TM: I want to go back to what you said earlier about Merrill’s interest in words, as objects as themselves—I think you called it “their inherent meaningfulness”—and how that brings his poetry very close to music. Could you elaborate on that?
MA: I think the best example is Merrill’s poem “b o d y,” where he looks at the word “body” and imagines the “o” of the word passing across a stage: first peeking from stage right (as part of the “b”), then at center, then at stage left (as part of the “d”), where “b” and “d” are, conveniently, birth and death. And that “o,” could be an open mouth, singing on the stage of life. Outside of birth and death is the “y”—the why, “unanswered, knock[ing] at the stage door,” as Merrill puts it. I don’t think the architect of the word “body” way back when put all this in deliberately and said, “I hope someone notices this,” but it’s Merrill staring at a word until it yields up unintended meanings.
TM: Merrill’s puns, too, are all about those structure of words, right? They’re all investigations into connection within these lexicographical accidents. That—that is a pun. And the fact that he focuses so much on them seems such an interesting investment in looking for meaning in that aspect of language.
MA: One way that you could define music is “language without signification.” We would never say it doesn’t have meaning or meanings. It just doesn’t have signification—the notes and chords are not tied to things outside themselves. I mean, unless you’re Wagner, in which case you’re spending all your time building these chains to tie a particular chord to particular things. But that’s not much fun, right?
And that was something I was obsessed with, especially as a student: What is the border? If you start stripping language of signification, at what point does it become music? And is it possible for music to kind of crystallize into language? A composer like Janáček—he makes use of these speech rhythms and musical gestures that are so direct, they risk being crude, but they can be breathtakingly powerful. It feels to me like Janáček’s music is straining towards the condition of language. It’s a porous border.
If you start stripping language of signification, at what point does it become music? And is it possible for music to kind of crystallize into language?

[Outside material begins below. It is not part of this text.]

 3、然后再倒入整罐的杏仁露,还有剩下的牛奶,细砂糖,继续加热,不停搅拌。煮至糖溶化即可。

TM: There’s this concept in scholasticism of the flatus vocis, the “vocal wind” which is all that’s left of a concept if you deny it meaning; if it’s just a word, just a sound. All opera is, obviously, vocal wind—
MA:(a swift laugh—barely an exhale—)
TM: —but there are also these 20th-century operas that use untranslated language, like the Sanskrit in Glass’s Satyagraha, where the signification is deliberately withheld from the audience. And it seems Merrill is interested in that remainder too.

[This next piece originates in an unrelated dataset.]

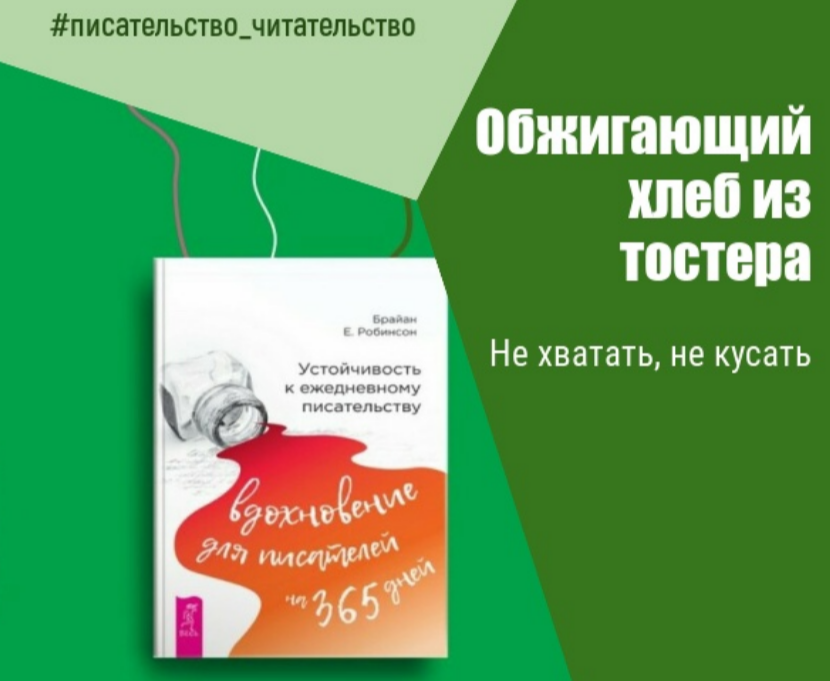 Открываю книгу Брайна Робинсона "Устойчивость к ежедневному писательству" и вижу шикарную метафору и совет - не пытайтесь откусить обжигающий хлеб из тостера.

MA: I would say that it has to do not just with opera, but with music on the most fundamental level. I think what Merrill does again and again is, he strips language of meaning in order to see what meanings emerge. And that, to me, is—there’s a faith in music there. There is a faith that the music of the words, that the sound of them, the feel of them will yield up something meaningful.
L.A. Opera, Eurydice Musical Sneak Peek: Orpheus Writes to Eurydice
In Eurydice, Aucoin doubles the role of Orpheus, so that his mortal nature is portrayed by a baritone, while his divine nature is sung by a countertenor. The baritone, a low, sturdy voice, is Orpheus’s body, his human significance. The countertenor is, in a way, his music: that something else, that something above, beyond, and after Orpheus. This staging emphasizes what makes Eurydice and Orpheus’s relationship so dissatisfying: there is a part of him Eurydice can never fully access. But when he enters the underworld, where his divine aspect can’t follow, she doesn’t recognize him. “Where’s his music?” Eurydice asks.
Perhaps this is the simplest explanation for Merrill’s transit from the metrical to the mystical in Sandover, from the corpus of letters to the spirits behind them: just a question, “Where is their music?”